Serf下的Memberlist 源码分析

(一)Memberlist 简介

(1)Memberlist是用来管理分布式集群内节点发现,节点故障检测、节点列表发现的软件。
(2)Memberlist 是基于Gossip协议来传播消息,该Gossip构建在swim协议之上。

(二) Protocol

集群内的广播
节点通过udp协议向K个节点发送消息,节点从广播队列里面获取消息,广播队列里的消息发送失败超过一定次数后,消息就会被丢弃。发送次数参考Config 里的 RetransmitMul的注释。

func (m *Memberlist) gossip() {
    
    // 随机获取K个节点
    kNodes := kRandomNodes(m.config.GossipNodes, m.nodes, func(n *nodeState) bool {
       ......
    })
    for _, node := range kNodes {
        // 获取消息队列里的消息
        msgs := m.getBroadcasts(compoundOverhead, bytesAvail)
        if len(msgs) == 0 {
            return
        }

        addr := node.Address()
        if len(msgs) == 1 {//只有一条消息
            //通过UDP发送消息
            if err := m.rawSendMsgPacket(addr, &node.Node, msgs[0]); err != nil {
                m.logger.Printf("[ERR] memberlist: Failed to send gossip to %s: %s", addr, err)
            }
        } else {
            // Otherwise create and send a compound message
            compound := makeCompoundMessage(msgs)
            if err := m.rawSendMsgPacket(addr, &node.Node, compound.Bytes()); err != nil {
                m.logger.Printf("[ERR] memberlist: Failed to send gossip to %s: %s", addr, err)
            }
        }
    }
}

Push/Pull
每隔一个时间间隔,随机选取一个节点,跟它建立tcp连接,然后将本地的全部节点 状态、用户数据发送过去,然后对端将其掌握的全部节点状态、用户数据发送回来,然后完成2份数据的合并。 此动作可以加速集群内信息的收敛速度。

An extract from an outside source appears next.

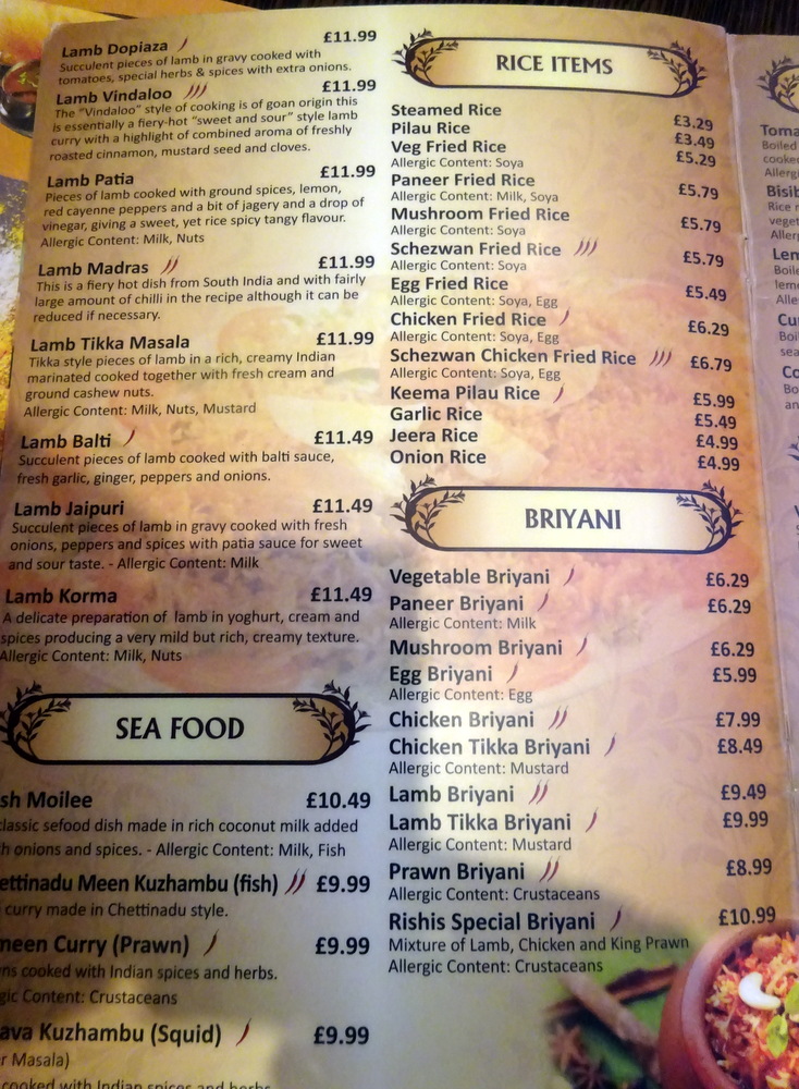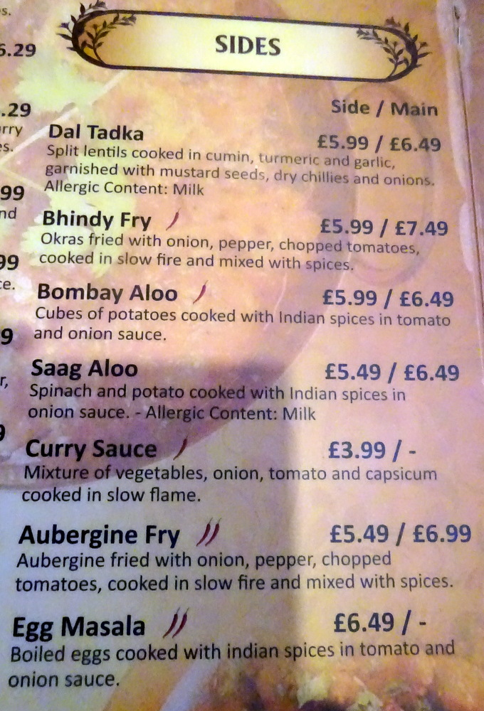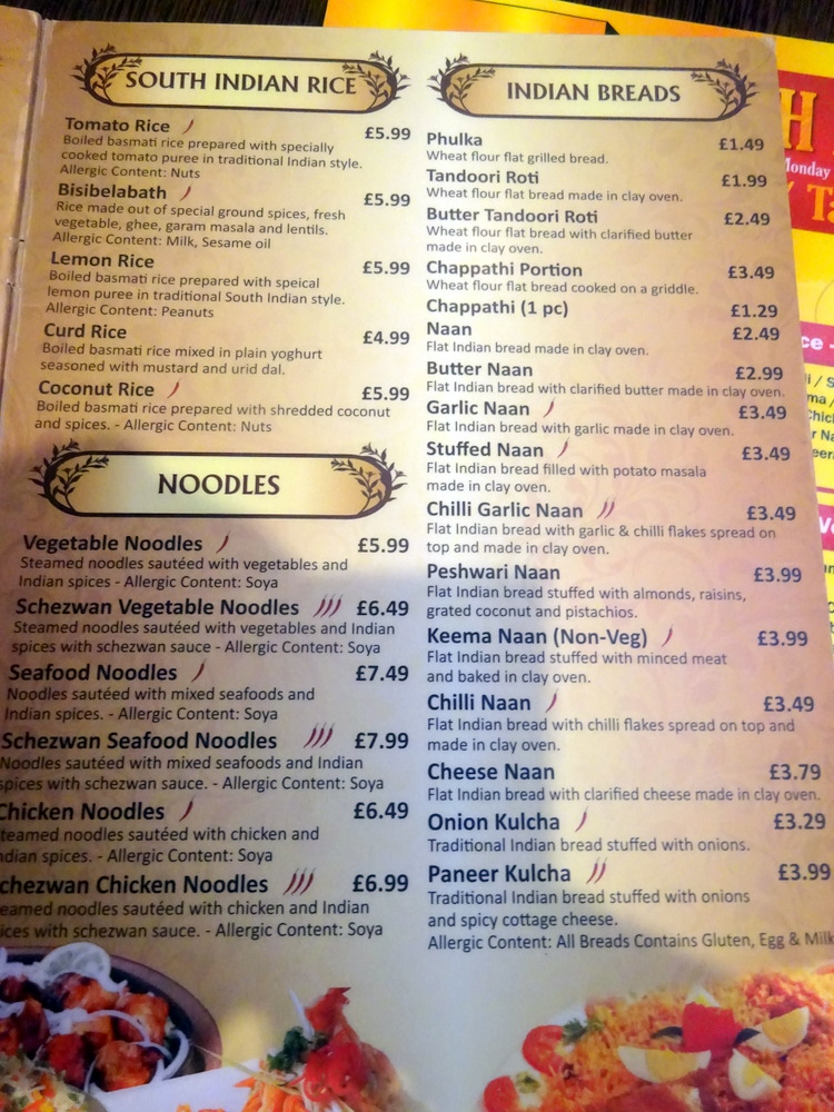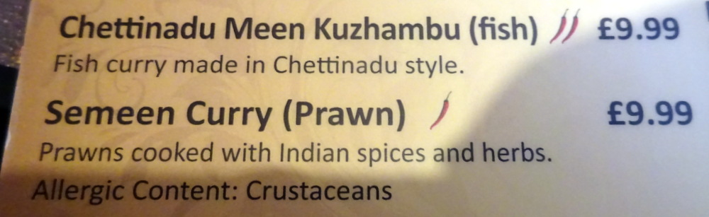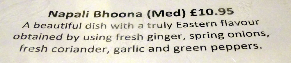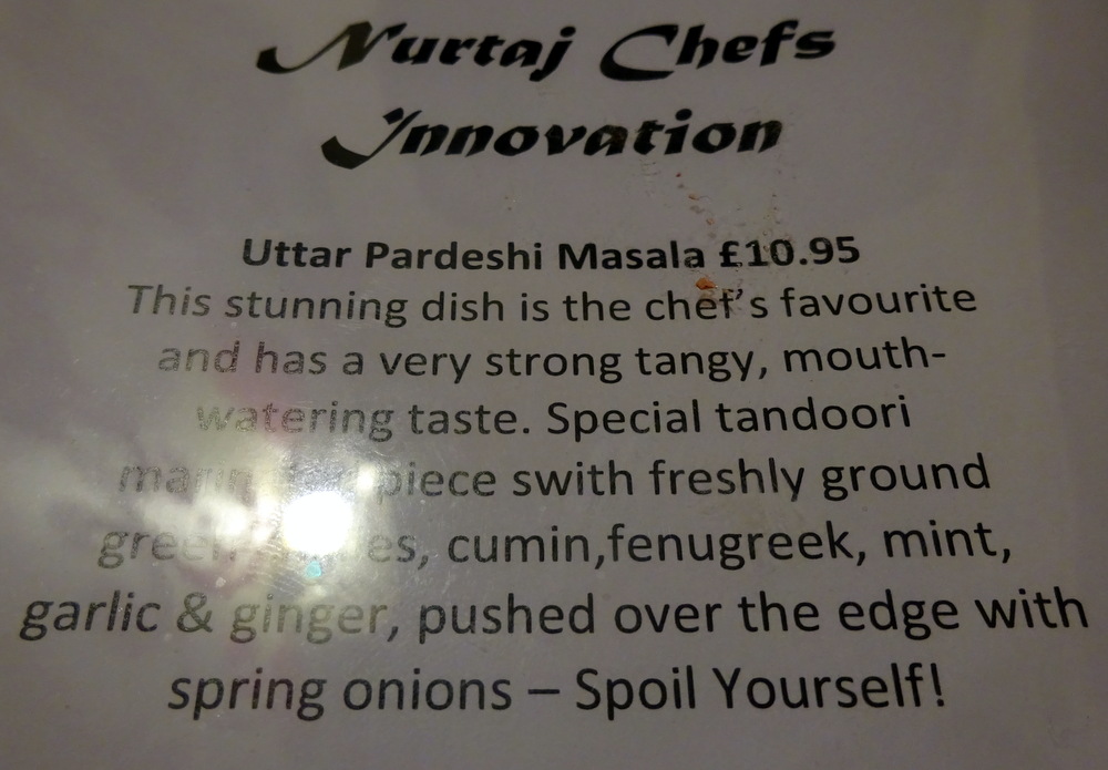 This had the makings of a very good Curry. The lamb was soft, and the spice level excellent which built during the meal. The disappointment was the Masala which lacked something. I consulted my Curry correspondent with whom I agree regarding the Seasoning which could have made a good-ish Curry even better.

func (m *Memberlist) pushPull() {
    // Get a random live node
    m.nodeLock.RLock()
    nodes := kRandomNodes(1, m.nodes, func(n *nodeState) bool {
        return n.Name == m.config.Name ||
            n.State != stateAlive
    })
    m.nodeLock.RUnlock()

    // If no nodes, bail
    if len(nodes) == 0 {
        return
    }
    node := nodes[0]

    // Attempt a push pull
    if err := m.pushPullNode(node.Address(), false); err != nil {
        m.logger.Printf("[ERR] memberlist: Push/Pull with %s failed: %s", node.Name, err)
    }
}

// pushPullNode does a complete state exchange with a specific node.
func (m *Memberlist) pushPullNode(addr string, join bool) error {
    defer metrics.MeasureSince([]string{"memberlist", "pushPullNode"}, time.Now())

    // Attempt to send and receive with the node
    remote, userState, err := m.sendAndReceiveState(addr, join)
    if err != nil {
        return err
    }
    //合并所有node信息
    if err := m.mergeRemoteState(join, remote, userState); err != nil {
        return err
    }
    return nil
}

节点的三个状态

const (
    stateAlive nodeStateType = iota 
    stateSuspect
    stateDead
)

Alive (比较简单,代码不分析)
当节点上线的时候,向集群广播Alive消息。

Probe
当节点启动之后,每个一定的时间间隔,会选取一个节点对其发送一个PING(UDP)消息,当PING消息失败后,会随机选取IndirectChecks个节点发起间接的PING(UDP)请求和直接在发起一个TCP PING请求。收到间接PING请求的节点会根据请求中的地址发起一个PING消息,将PING的结果返回给间接请求的源节点。如果探测超时之间内,本节点没有收到任何一个要探测节点的ACK消息,则标记要探测的节点状态为suspect。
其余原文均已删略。